De laatste dag hebben we gewerkt aan het verfijnen van de routine en de manier van begeleiden van de kinderen. Voor de leerkrachten is het wennen om de kinderen zelf te laten werken. Al snel zetten ze hun stoel ernaast en helpen actief mee. Gisteren hebben we dat besproken aan de hand van videobeelden en vandaag gingen ze elkaar daarop wijzen. Dat werkte uitstekend. Het was dan ook heel leuk om tijdens de evaluatie de geslaagde videobeelden daarvan te bekijken. Ik vroeg vandaag op welke manier ze vandaag wilden evalueren: de “Marokkaanse” of de “Nederlandse”. Unaniem werd gekozen voor de “Nederlandse” manier en werden de telefoons uitgezet. Overigens is dit ook gebruikelijk in de meeste Marokkaanse bijeenkomsten en ook het maken van een agenda en actielijsten is in Marokko niets nieuws, maar voor dit startende team in het zuiden van het land was het wel iets nieuws. Vandaag hing de lijst met afspraken pontificaal in de klas.

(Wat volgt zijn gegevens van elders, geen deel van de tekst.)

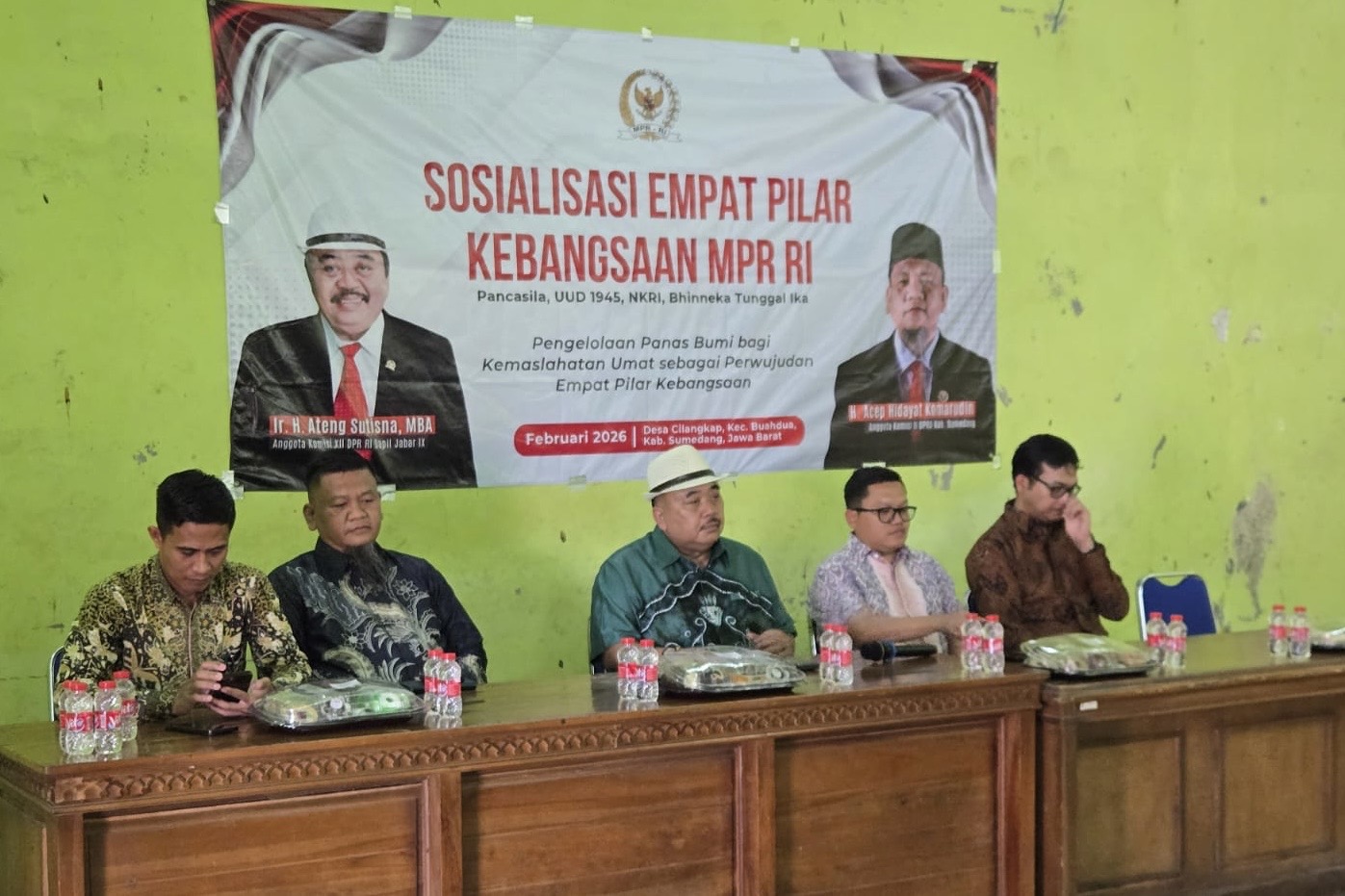 Sumedang (17/02) — Anggota DPR RI Fraksi PKS Dapil Jawa Barat IX, Ateng Sutisna, menggelar kegiatan Sosialisasi Empat Pilar Kebangsaan di Sumedang dengan tema “Pengelolaan Panas Bumi bagi Kemaslahatan Umat sebagai Perwujudan Empat Pilar Kebangsaan.” Kegiatan ini menghadirkan masyarakat lingkar Gunung Tampomas yang selama ini terdampak polemik rencana pengembangan panas bumi.
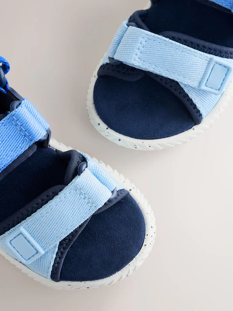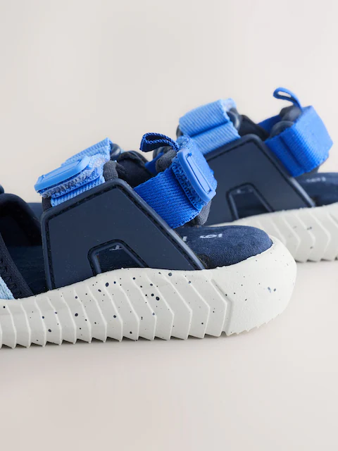 With a retro-inspired trekker design, these blue utility sandals are ready for exploring, featuring a secure triple touch-fastened strap upper with an open toe, a textile lining and a chunky outsole with a ripple tread.

Met spijt neem ik afscheid. Het zou fijn zijn om nog een weekje samen te werken. Maar ik heb er vertrouwen in. Het team is enthousiast, de basis is gelegd, de kinderen kennen de routine (soms nog beter dan de volwassenen) en de resultaten waren positief. Bovendien heb ik het programma gepresenteerd aan een inspecteur van onderwijs die er zeer positief over was en die het graag zou willen ondersteunen en wellicht zelfs uitbreiden naar andere scholen.
Over een paar maanden kom ik terug. Dan bouwen we erop voort, als God het wil, zoals men hier zegt.